Соня села за зеркало, устроила положение, и стала смотреть.
– Вот Софья Александровна непременно увидят, – шопотом сказала Дуняша; – а вы всё смеетесь.
Соня слышала эти слова, и слышала, как Наташа шопотом сказала:
– И я знаю, что она увидит; она и прошлого года видела.
Минуты три все молчали. «Непременно!» прошептала Наташа и не докончила… Вдруг Соня отсторонила то зеркало, которое она держала, и закрыла глаза рукой.
– Ах, Наташа! – сказала она.
– Видела? Видела? Что видела? – вскрикнула Наташа, поддерживая зеркало.
Соня ничего не видала, она только что хотела замигать глазами и встать, когда услыхала голос Наташи, сказавшей «непременно»… Ей не хотелось обмануть ни Дуняшу, ни Наташу, и тяжело было сидеть. Она сама не знала, как и вследствие чего у нее вырвался крик, когда она закрыла глаза рукою.
– Его видела? – спросила Наташа, хватая ее за руку.
– Да. Постой… я… видела его, – невольно сказала Соня, еще не зная, кого разумела Наташа под словом его: его – Николая или его – Андрея.
«Но отчего же мне не сказать, что я видела? Ведь видят же другие! И кто же может уличить меня в том, что я видела или не видала?» мелькнуло в голове Сони.
– Да, я его видела, – сказала она.
– Как же? Как же? Стоит или лежит?
– Нет, я видела… То ничего не было, вдруг вижу, что он лежит.
– Андрей лежит? Он болен? – испуганно остановившимися глазами глядя на подругу, спрашивала Наташа.
– Нет, напротив, – напротив, веселое лицо, и он обернулся ко мне, – и в ту минуту как она говорила, ей самой казалось, что она видела то, что говорила.
– Ну а потом, Соня?…
– Тут я не рассмотрела, что то синее и красное…
– Соня! когда он вернется? Когда я увижу его! Боже мой, как я боюсь за него и за себя, и за всё мне страшно… – заговорила Наташа, и не отвечая ни слова на утешения Сони, легла в постель и долго после того, как потушили свечу, с открытыми глазами, неподвижно лежала на постели и смотрела на морозный, лунный свет сквозь замерзшие окна.


Вскоре после святок Николай объявил матери о своей любви к Соне и о твердом решении жениться на ней. Графиня, давно замечавшая то, что происходило между Соней и Николаем, и ожидавшая этого объяснения, молча выслушала его слова и сказала сыну, что он может жениться на ком хочет; но что ни она, ни отец не дадут ему благословения на такой брак. В первый раз Николай почувствовал, что мать недовольна им, что несмотря на всю свою любовь к нему, она не уступит ему. Она, холодно и не глядя на сына, послала за мужем; и, когда он пришел, графиня хотела коротко и холодно в присутствии Николая сообщить ему в чем дело, но не выдержала: заплакала слезами досады и вышла из комнаты. Старый граф стал нерешительно усовещивать Николая и просить его отказаться от своего намерения. Николай отвечал, что он не может изменить своему слову, и отец, вздохнув и очевидно смущенный, весьма скоро перервал свою речь и пошел к графине. При всех столкновениях с сыном, графа не оставляло сознание своей виноватости перед ним за расстройство дел, и потому он не мог сердиться на сына за отказ жениться на богатой невесте и за выбор бесприданной Сони, – он только при этом случае живее вспоминал то, что, ежели бы дела не были расстроены, нельзя было для Николая желать лучшей жены, чем Соня; и что виновен в расстройстве дел только один он с своим Митенькой и с своими непреодолимыми привычками.

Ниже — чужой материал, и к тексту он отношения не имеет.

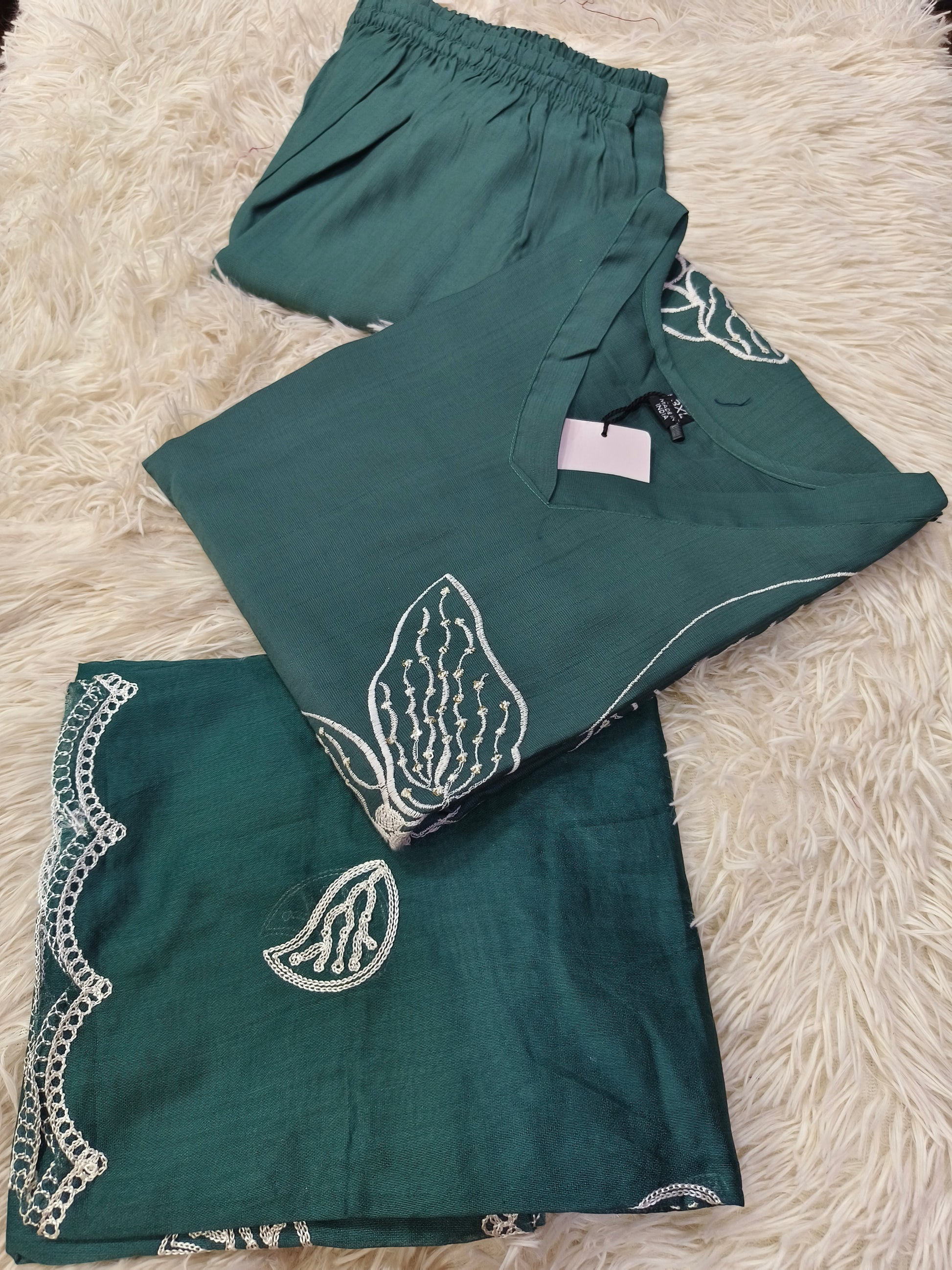 Vatican silk with Elegant designer 3pcs suits with gotta pati beautiful neck work.

Отец с матерью больше не говорили об этом деле с сыном; но несколько дней после этого, графиня позвала к себе Соню и с жестокостью, которой не ожидали ни та, ни другая, графиня упрекала племянницу в заманивании сына и в неблагодарности. Соня, молча с опущенными глазами, слушала жестокие слова графини и не понимала, чего от нее требуют. Она всем готова была пожертвовать для своих благодетелей. Мысль о самопожертвовании была любимой ее мыслью; но в этом случае она не могла понять, кому и чем ей надо жертвовать. Она не могла не любить графиню и всю семью Ростовых, но и не могла не любить Николая и не знать, что его счастие зависело от этой любви. Она была молчалива и грустна, и не отвечала. Николай не мог, как ему казалось, перенести долее этого положения и пошел объясниться с матерью. Николай то умолял мать простить его и Соню и согласиться на их брак, то угрожал матери тем, что, ежели Соню будут преследовать, то он сейчас же женится на ней тайно.
Графиня с холодностью, которой никогда не видал сын, отвечала ему, что он совершеннолетний, что князь Андрей женится без согласия отца, и что он может то же сделать, но что никогда она не признает эту интригантку своей дочерью.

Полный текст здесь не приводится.